In the summer of 1905, Lady Emily, husband Colin Hargreaves, and their three sons eagerly embark on a family vacation at Cairnfarn Castle, the Scottish estate of their dear friend Jeremy, Duke of Bainbridge. Her ten-year-old sons find a body, the duke’s gamekeeper is found murdered on the banks of the loch.
“I wanted to show how Jeremy and Emily have been friends forever. Emily becomes a high society Victorian lady. Jeremy does not want to get married because he does not want to be tied down. He is a Duke and society expects him to provide an heir. Is he really in love with her, or just joking around?”
Handsome Angus Sinclair, the gamekeeper, had a host of enemies: the fiancée he abandoned in Edinburgh, the young woman who had fallen hopelessly in love with him, and the rough farmer who saw him as a rival for her affections. But what is the meaning of the curious runic stone left on Sinclair’s forehead?
Alexander spins a counterpoint tale set in 1676 Cairnfarn of Tansy, a formerly enslaved woman from Tunis who longs to return home but becomes embroiled in one of the many witchcraft trials prevalent in Scotland in that period. The 17th century portions were an interesting and haunting picture of life as well as the treatment of women at that time, especially during the witch hunts.
Yet, Emily believes the murder had nothing to do with the witchcraft. She considers the ferocity of the attack and deduces that it was a crime of passion, because Sinclair seems to have had more than his fair share of jilted admirers.
“I love reading historical novels with two time periods having plots that connect across centuries. History is not a linear course of progress. What people really care about fundamentally does not change. I love playing with the notion of how history changes and using two timelines allows me to do it. Plus, readers can study the setting of Scotland within two different time periods. My next book, Death by Misadventure, comes out in September.
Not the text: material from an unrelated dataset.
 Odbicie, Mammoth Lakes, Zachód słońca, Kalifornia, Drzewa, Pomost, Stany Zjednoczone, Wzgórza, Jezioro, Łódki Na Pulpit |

It also has two timelines, set in Bavaria, with Emily in her Edwardian time and the second timeline has King Ludwig II who built the famous castle in the Alps that inspired Disney. In all my books Emily must deal with a murder.”
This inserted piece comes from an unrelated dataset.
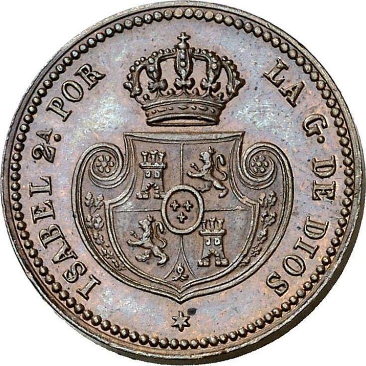 Find out the current coin value of the Spanish 1/10 Real 1850 . This copper coin from the times of Isabella II struck at the Segovia Mint. Wondering how much a coin like this is worth? The record price belongs to the lot 4335 sold at the Cayón Subastas auction for EUR 900. Bidding took place January 21, 2011.

The two-story threads are linked by location and by the local mythology. In 1676 a story is told of a “Moorish” maid, Tansy, and her mistress, Rossalyn, who has been expelled from her home by her brother-in-law after the death of her beloved husband. Tansy had served as Rossalyn’s maid and had come to her a slave, kidnapped from the streets of Tunis. Though Rossalyn had set her free, she nevertheless keeps her as her maid, with Tansy having few options. Both are rumored to practice witchcraft.
“I wanted to explore how people who were servants got to live lavishly in the Court. But it is not OK because they did not have their freedom with someone having control over their existence. Through Rossalyn and Tansy, I explored how there is a friendship between them, yet Tansy was not able to return to her home.”
Alexander weaves the two parallel timelines. This book is set in the wild Scottish Highlands, where an ancient story of witchcraft may hold the key to solving a murder centuries later.